Recently announced to the world, Keiser Permanente’s president and chief operating officer Bernard Tyson will be taking over retiring CEO George Halvorson’s position as the head of Kaiser Permanente. In the upcoming year he will be the head of the largest nonprofit insurer in the U.S.
Halvorson has worked at Kaiser for an astounding 28 years, directing the hospitals nonprofit system and leading the development of Kaiser’s “Thrive” advertising campaign. Tyson will join the company’s board of directors close to the end of next month and assume Halverson’s position at the end of 2013.
Keiser Permanente, mainly based in Oakland, Calif., had $47.9 billion in revenue, according to its online records, while covering over nine million people in the last year, mainly in the West Coast. Keiser has 37 hospitals in California, Oregon, and Hawaii.
Kaiser employs 17,000 physicians, and has an integrated system in which one commodity delivers health care and pays for bills. This theme was a model for the U.S health-care-overtake that encourages everyone to make healthcare more available and dependable to everyone.
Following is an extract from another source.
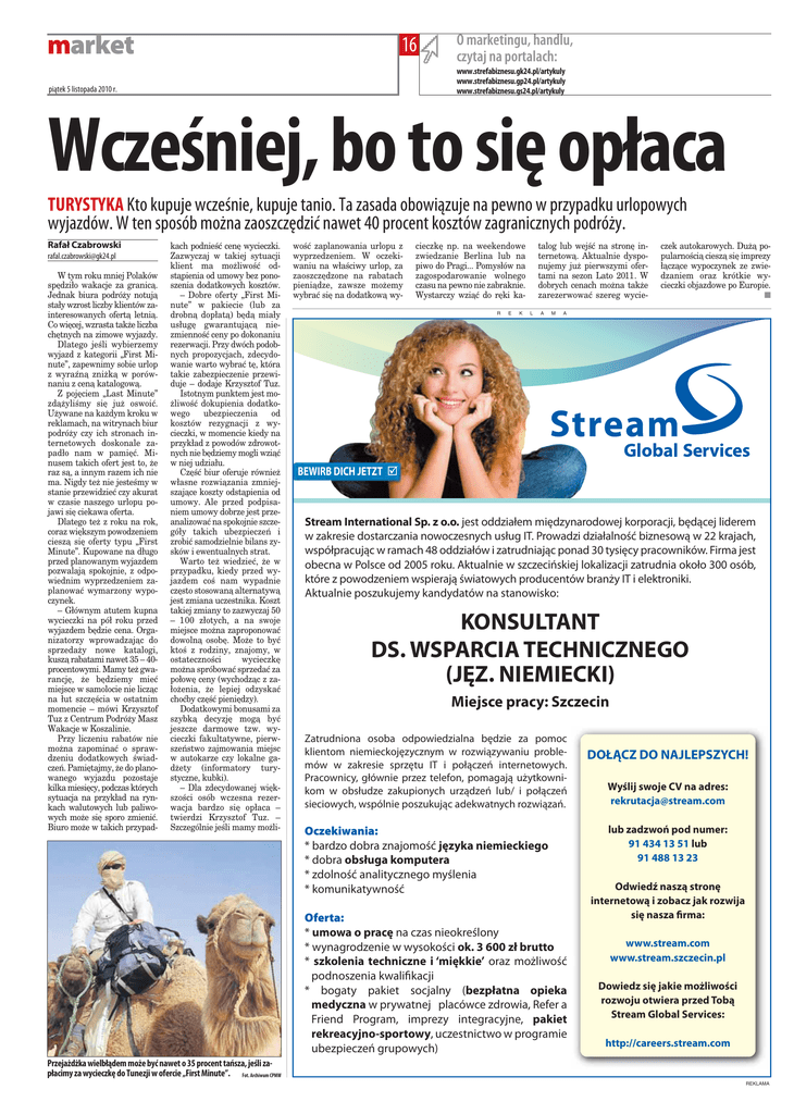 market 16 O marketingu, handlu, czytaj na portalach: www.strefabiznesu.gk24.pl/artykuly www.strefabiznesu.gp24.pl/artykuly www.strefabiznesu.gs24.pl/artykuly piątek 5 listopada 2010 r. Wcześniej, bo to się opłaca TURYSTYKA Kto kupuje wcześnie, kupuje tanio. Ta zasada obowiązuje na pewno w przypadku urlopowych wyjazdów. W ten sposób można zaoszczędzić nawet 40 procent kosztów zagranicznych podróży. Rafał Czabrowski [email protected] W tym roku mniej Polaków spędziło wakacje za granicą. Jednak biura podróży notują stały wzrost liczby klientów zainteresowanych ofertą letnią. Co więcej, wzrasta także liczba chętnych na zimowe wyjazdy. Dlatego jeśli wybierzemy wyjazd z kategorii „First Minute”, zapewnimy sobie urlop z wyraźną zniżką w porównaniu z ceną katalogową. Z pojęciem „Last Minute” zdążyliśmy się już oswoić. Używane na każdym kroku w reklamach, na witrynach biur podróży czy ich stronach internetowych doskonale zapadło nam w pamięć. Minusem takich ofert jest to, że raz są, a innym razem ich nie ma. Nigdy też nie jesteśmy w stanie przewidzieć czy akurat w czasie naszego urlopu pojawi się ciekawa oferta. Dlatego też z roku na rok, coraz większym powodzeniem cieszą się oferty typu „First Minute”. Kupowane na długo przed planowanym wyjazdem pozwalają spokojnie, z odpowiednim wyprzedzeniem zaplanować wymarzony wypoczynek. – Głównym atutem kupna wycieczki na pół roku przed wyjazdem będzie cena. Organizatorzy wprowadzając do sprzedaży nowe katalogi, kuszą rabatami nawet 35 – 40procentowymi. Mamy też gwarancję, że będziemy mieć miejsce w samolocie nie licząc na łut szczęścia w ostatnim momencie – mówi Krzysztof Tuz z Centrum Podróży Masz Wakacje w Koszalinie. Przy liczeniu rabatów nie można zapominać o sprawdzeniu dodatkowych świadczeń. Pamiętajmy, że do planowanego wyjazdu pozostaje kilka miesięcy, podczas których sytuacja na przykład na rynkach walutowych lub paliwowych może się sporo zmienić. Biuro może w takich przypad- kach podnieść cenę wycieczki. Zazwyczaj w takiej sytuacji klient ma możliwość odstąpienia od umowy bez ponoszenia dodatkowych kosztów. – Dobre oferty „First Minute” w pakiecie (lub za drobną dopłatą) będą miały usługę gwarantującą niezmienność ceny po dokonaniu rezerwacji. Przy dwóch podobnych propozycjach, zdecydowanie warto wybrać tę, która takie zabezpieczenie przewiduje – dodaje Krzysztof Tuz. Istotnym punktem jest możliwość dokupienia dodatkowego ubezpieczenia od kosztów rezygnacji z wycieczki, w momencie kiedy na przykład z powodów zdrowotnych nie będziemy mogli wziąć w niej udziału. Część biur oferuje również własne rozwiązania zmniejszające koszty odstąpienia od umowy. Ale przed podpisaniem umowy dobrze jest przeanalizować na spokojnie szczegóły takich ubezpieczeń i zrobić samodzielnie bilans zysków i ewentualnych strat. Warto też wiedzieć, że w przypadku, kiedy przed wyjazdem coś nam wypadnie często stosowaną alternatywą jest zmiana uczestnika. Koszt takiej zmiany to zazwyczaj 50 – 100 złotych, a na swoje miejsce można zaproponować dowolną osobę. Może to być ktoś z rodziny, znajomy, w ostateczności wycieczkę można spróbować sprzedać za połowę ceny (wychodząc z założenia, że lepiej odzyskać choćby część pieniędzy). Dodatkowymi bonusami za szybką decyzję mogą być jeszcze darmowe tzw. wycieczki fakultatywne, pierwszeństwo zajmowania miejsc w autokarze czy lokalne gadżety (informatory turystyczne, kubki). – Dla zdecydowanej większości osób wczesna rezerwacja bardzo się opłaca – twierdzi Krzysztof Tuz. – Szczególnie jeśli mamy możli- wość zaplanowania urlopu z wyprzedzeniem. W oczekiwaniu na właściwy urlop, za zaoszczędzone na rabatach pieniądze, zawsze możemy wybrać się na dodatkową wy- cieczkę np. na weekendowe zwiedzanie Berlina lub na piwo do Pragi... Pomysłów na zagospodarowanie wolnego czasu na pewno nie zabraknie. Wystarczy wziąć do ręki kaR E K talog lub wejść na stronę internetową. Aktualnie dysponujemy już pierwszymi ofertami na sezon Lato 2011. W dobrych cenach można także zarezerwować szereg wycieL A M czek autokarowych. Dużą popularnością cieszą się imprezy łączące wypoczynek ze zwiedzaniem oraz krótkie wycieczki objazdowe po Europie. d A BEWIRB DICH JETZT Stream International Sp. z o.o. jest oddziałem międzynarodowej korporacji, będącej liderem w zakresie dostarczania nowoczesnych usług IT. Prowadzi działalność biznesową w 22 krajach, współpracując w ramach 48 oddziałów i zatrudniając ponad 30 tysięcy pracowników. Firma jest obecna w Polsce od 2005 roku. Aktualnie w szczecińskiej lokalizacji zatrudnia około 300 osób, które z powodzeniem wspierają światowych producentów branży IT i elektroniki. Aktualnie poszukujemy kandydatów na stanowisko: KONSULTANT DS. WSPARCIA TECHNICZNEGO (JĘZ. NIEMIECKI) Miejsce pracy: Szczecin Zatrudniona osoba odpowiedzialna będzie za pomoc klientom niemieckojęzycznym w rozwiązywaniu problemów w zakresie sprzętu IT i połączeń internetowych. Pracownicy, głównie przez telefon, pomagają użytkownikom w obsłudze zakupionych urządzeń lub/ i połączeń sieciowych, wspólnie poszukując adekwatnych rozwiązań. Oczekiwania: * bardzo dobra znajomość języka niemieckiego * dobra obsługa komputera * zdolność analitycznego myślenia * komunikatywność Oferta: * umowa o pracę na czas nieokreślony * wynagrodzenie w wysokości ok. 3 600 zł brutto * szkolenia techniczne i ‘miękkie’ oraz możliwość podnoszenia kwalifikacji * bogaty pakiet socjalny (bezpłatna opieka medyczna w prywatnej placówce zdrowia, Refer a Friend Program, imprezy integracyjne, pakiet rekreacyjno-sportowy, uczestnictwo w programie ubezpieczeń grupowych) DOŁĄCZ DO NAJLEPSZYCH! Wyślij swoje CV na adres: [email protected] lub zadzwoń pod numer: 91 434 13 51 lu

“As we continue down the path of health-care reform and the transformation of the health-care industry, I am excited about leading an organization so committed to high-quality and affordable care for everyone,” Tyson said in a statement.
In the upcoming year Tyson will be taking over the development of President Barack Obama’s health care overhaul. Starting in 2014, the Affordable Health Care Act will be fully implemented. New insurance markets will open up, titled “exchanges,” in every state.
The joint federal-state program for the less privileged citizens of America will expand nationwide to cover people earning close to poverty wages. The projections believe that 30 million people are expected to gain coverage. Kaiser expects to offer exchange plans in every state where it operates, Tyson said.
“Clearly there’s a lot of unknowns right now as we think about all the changes happening in the industry,” he said. “One of the biggest challenges is making sure that we continue to contribute to the evolving landscape for health care in this country.”
Not being on the Fortune 500 because of Keiser being a nonprofit does not show how Kaiser is ranked No. 3 on the 2012 Diversity Inc. Top 50 companies for Diversity list. Naming an African American as the lead figure of a major organization is a significant step to a new diverse directive for all companies.
According to relevant statistics, currently only 1.2 percent of Fortune 500 companies have African-American CEOs, compared to 4 percent of the DiversityInc Top 50.
As a last remark Tyson stated in an interview the legacy of Halvorson creating the most diverse top of the line organization: “My job is to build on that and leverage the great strength of the diversity as we continue to deal with very complex problems in this country and the healthcare system.”